■ **Input for this task**
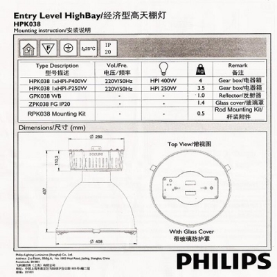 飛利浦?天棚吊燈?HPK038?250W?400W?HPI?BUS金鹵燈?工廠車(chē)間倉(cāng)庫(kù)姜堰區(qū)王虎建材批發(fā)部
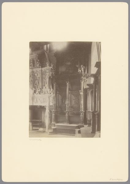 This photograph shows the Schoorsteen in het stadhuis van Kampen, the chimney in Kampen’s town hall. It was taken by an anonymous photographer for Monumentenzorg, which translates to ‘care of monuments’. I’m taken by the soft tonality of the image, which mutes the details into something abstract. It’s almost like a charcoal rubbing. When I’m making art I find that the actual moving around, the putting down of colour, creates its own logic, a sense of something emerging. The chimney is so elaborate, a whole history in stone, and the figures are like ghostly sentinels. The texture is the thing I find most fascinating here: the grainy quality of the photograph itself seems to mimic the texture of the stone. You can almost feel the cool surface and the marks left by the sculptor's tools. It is the way the photograph captures the surface of the chimney that makes this photograph sing. Thinking about other artists who deal with the surface, maybe Cy Twombly would have loved this image. Art, like life, is an ongoing conversation, and this photo has plenty to say.
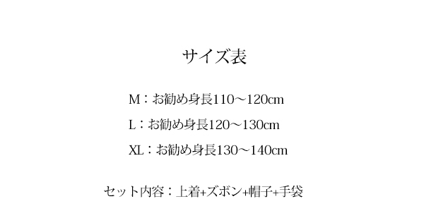 サイズ: M/お勧め身長110~120cm L/お勧め身長120~130cm XL/お勧め身長130~140cm
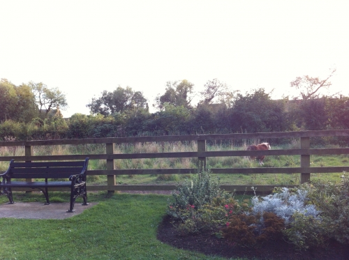写真:NozCod Beck - riverside walk (コッド・ベック川と小川散策路)の途中にある私有地にいたミニホース。通り過ぎるまで横に並んで歩いてくれました。
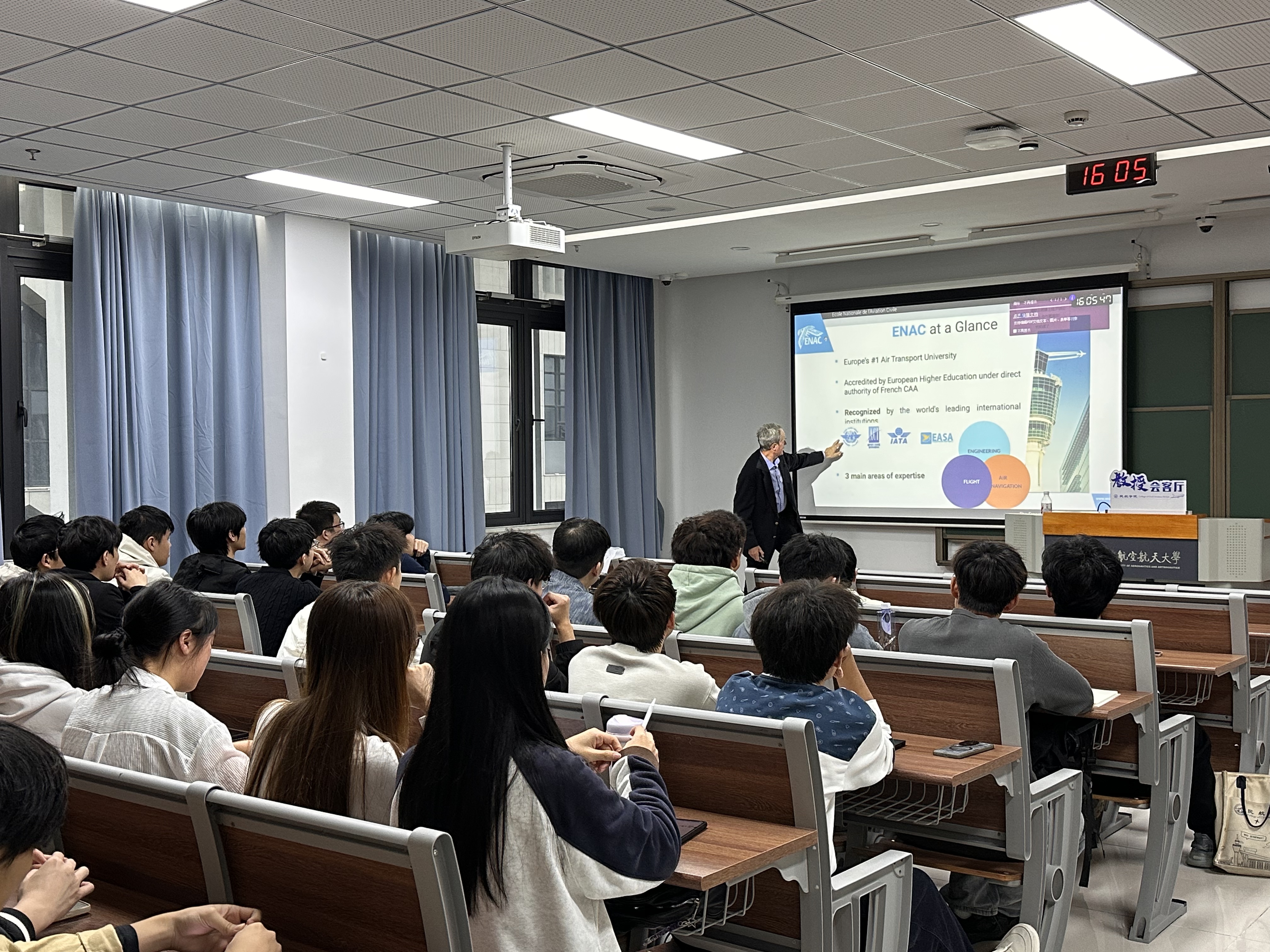 为帮助学生深入了解人工智能技术在空中交通管理(Air Traffic Management,ATM)领域的前沿应用与未来发展,10月30日,蜜桃视频 在天目湖校区T2311教室举办《AI FOR ATM》专题讲座。讲座特邀外籍教授Daniel Delahaye进行全英文讲授,空管系教师王艳军、辅导员王雨薇和2024级空管专业全体学生参与。

■ **Your goal**
Each record above must be set down again unchanged, with its pictures left out.

■ **Solution to this exercise**
 飛利浦?天棚吊燈?HPK038?250W?400W?HPI?BUS金鹵燈?工廠車(chē)間倉(cāng)庫(kù)姜堰區(qū)王虎建材批發(fā)部
 This photograph shows the Schoorsteen in het stadhuis van Kampen, the chimney in Kampen’s town hall. It was taken by an anonymous photographer for Monumentenzorg, which translates to ‘care of monuments’. I’m taken by the soft tonality of the image, which mutes the details into something abstract. It’s almost like a charcoal rubbing. When I’m making art I find that the actual moving around, the putting down of colour, creates its own logic, a sense of something emerging. The chimney is so elaborate, a whole history in stone, and the figures are like ghostly sentinels. The texture is the thing I find most fascinating here: the grainy quality of the photograph itself seems to mimic the texture of the stone. You can almost feel the cool surface and the marks left by the sculptor's tools. It is the way the photograph captures the surface of the chimney that makes this photograph sing. Thinking about other artists who deal with the surface, maybe Cy Twombly would have loved this image. Art, like life, is an ongoing conversation, and this photo has plenty to say.
 サイズ: M/お勧め身長110~120cm L/お勧め身長120~130cm XL/お勧め身長130~140cm
写真:NozCod Beck - riverside walk (コッド・ベック川と小川散策路)の途中にある私有地にいたミニホース。通り過ぎるまで横に並んで歩いてくれました。
 为帮助学生深入了解人工智能技术在空中交通管理(Air Traffic Management,ATM)领域的前沿应用与未来发展,10月30日,蜜桃视频 在天目湖校区T2311教室举办《AI FOR ATM》专题讲座。讲座特邀外籍教授Daniel Delahaye进行全英文讲授,空管系教师王艳军、辅导员王雨薇和2024级空管专业全体学生参与。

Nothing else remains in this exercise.